Test Budget Enforcement Before Incidents
Budget logic is exactly the kind of code that is never exercised in a happy-path demo and is load-bearing during an incident. Test it directly, with adversarial agents designed to overspend. A deterministic test needs an injected clock and stubbed tools so you can simulate loops, slow calls, and cost spikes without real model traffic.
import { describe, it, expect } from "vitest";
describe("agent budget enforcement", () => {
it("refuses to continue once the deadline passes", () => {
const state = makeState({ deadlineAt: 1_000 });
expect(() => assertCanContinue(state, 1_500)).toThrow(BudgetExceededError);
});
it("flags a stall before the hard step cap is reached", () => {
const monitor = new ProgressMonitor(8, 3);
for (let i = 0; i < 5; i += 1) {
monitor.record("web_search", { query: "same query" });
}
expect(monitor.isStalled()).toBe(true);
});
it("rejects a charge that would exceed the cost ceiling", () => {
const state = makeState({ maxUsd: 1, spentUsd: 0.95 });
expect(() => assertCanContinue(state, 0)).not.toThrow();
state.usage.reservedUsd = 0.1;
expect(() => assertCanContinue(state, 0)).toThrow(BudgetExceededError);
});
});
Cover the paths that matter under failure: a tool that always returns the same result until the monitor stops it, a tool that never resolves until the deadline aborts it, and a sequence of expensive calls that trips the cost ceiling. Assert not only that the run stops, but that it stops for the right reason and reaches finalization instead of throwing an unhandled error. Those assertions are what let you trust an agent to run unattended.
Conclusion and Next Steps
An agent without a budget is a loop that trusts a language model to know when to stop. A budget turns that open-ended loop into a bounded, observable run: explicit limits on cost, steps, tool calls, and time; a durable meter that survives restarts; enforcement at every decision boundary; progress checks that catch stalls early; and graceful degradation that lets a run finish instead of crashing into a wall.

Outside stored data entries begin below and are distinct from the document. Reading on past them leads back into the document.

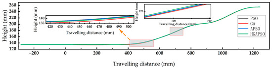 To conduct a comparative analysis between the HGAPSO algorithm and the other three algorithms for optimizing the trajectories of the deformed wheels to overcome the steps, each of the four algorithms was applied 50 times to perform the trajectory optimization. At the end of each algorithmic iteration, all the fitness values were recorded, and the average, minimum, and maximum values of the fitness associated with the algorithmic performance were examined. As can be seen in Table 3, the HGAPSO technique’s maximum value is far lower than the maximum values of the other three algorithms. The algorithm with the worst performance, the GA, has the highest maximum value. The APSO method trails the HGAPSO algorithm by just a small margin, and the HGAPSO algorithm’s mean and minimum values are, likewise, much lower than those of the other algorithms. The HGAPSO method outperforms the other three algorithms in terms of the difference between the maximum and minimum values, which indicates that the HGAPSO’s is more stable than the other algorithms. The comparison of these four aspects demonstrates the superiority of the HGAPSO algorithm.
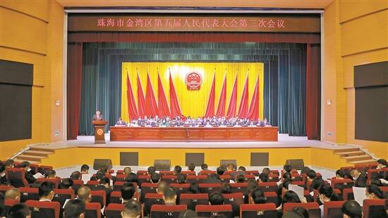 2月16日上午,珠海市金湾区第五届人民代表大会第三次会议在金海岸文化艺术中心开幕。金湾区委书记、珠海经济技术开发区党工委书记梁耀斌出席,金湾区委副书记、区长刘军向大会作政府工作报告。区人大常委会主任吴文莱作区人大常委会工作报告,区人民法院院长郭志俊、区人民检察院检察长李中原分别作两院工作报告。
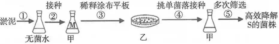 25.(10分)某种物质S(一种含有C、H、N的有机物)难以降解,会对环境造成污染,只有某些细菌能降解S。研究人员按照下图所示流程从淤泥中分离得到能高效降解S的细菌菌株。实验过程中需要甲、乙两种培养基,甲的组分为无机盐、水和S,乙的组分为无机盐、水、S和Y。请分析并回答下列问题:
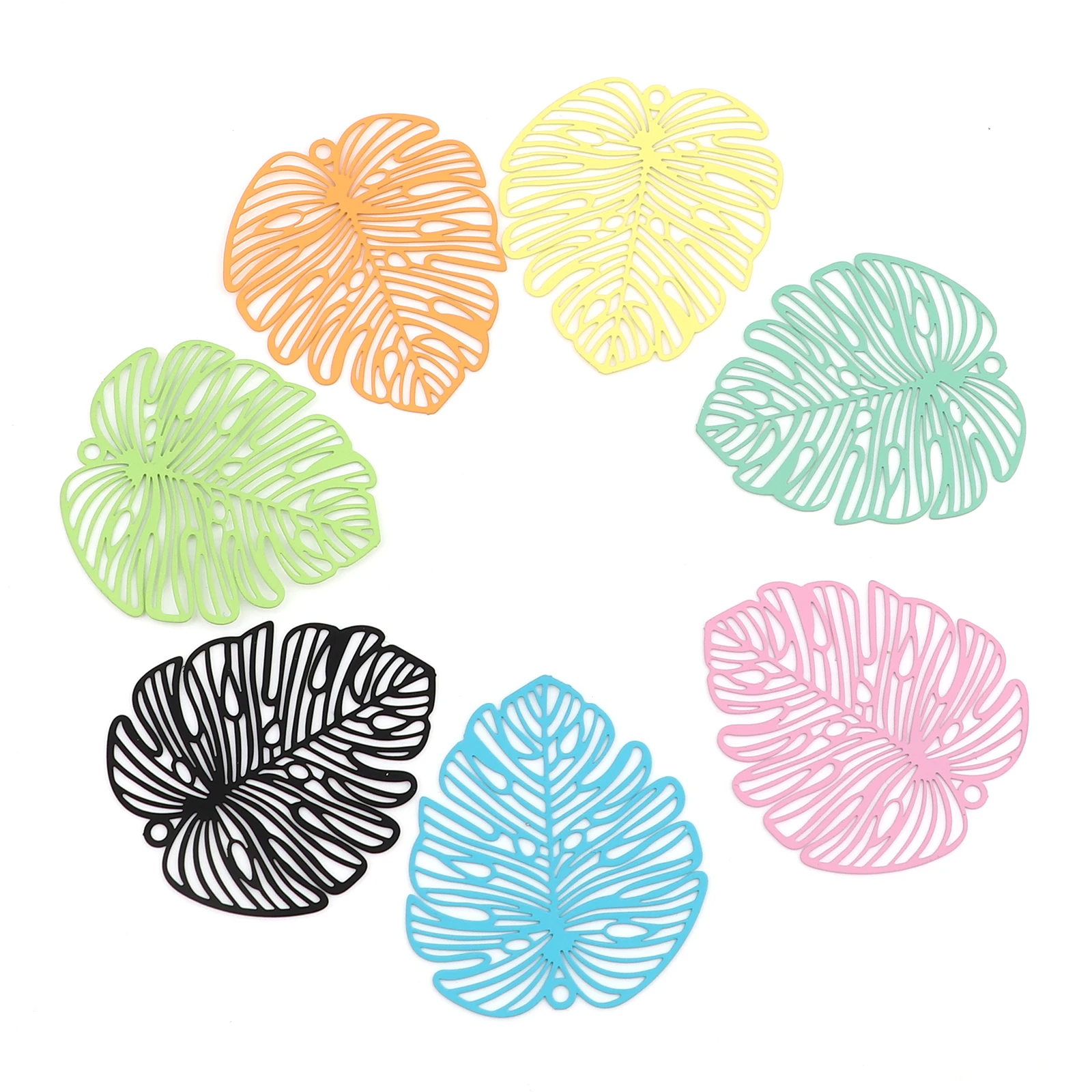 5 шт., листья монстеры, Железный сплав, Филигранное тиснение, подвески, полые листья растений, Подвески для DIY серег, ручная работа

Start small. Add the durable budget table and a hard cost-and-step guard to one agent, and confirm it terminates a deliberately looping run in a test. Then layer in reservations for honest concurrent accounting, deadline propagation into your slowest tool, and a soft limit that downshifts the model before the hard cap. Once the boring path is in place, every new tool you expose to the agent inherits the same guardrails — and unattended autonomy stops being a gamble.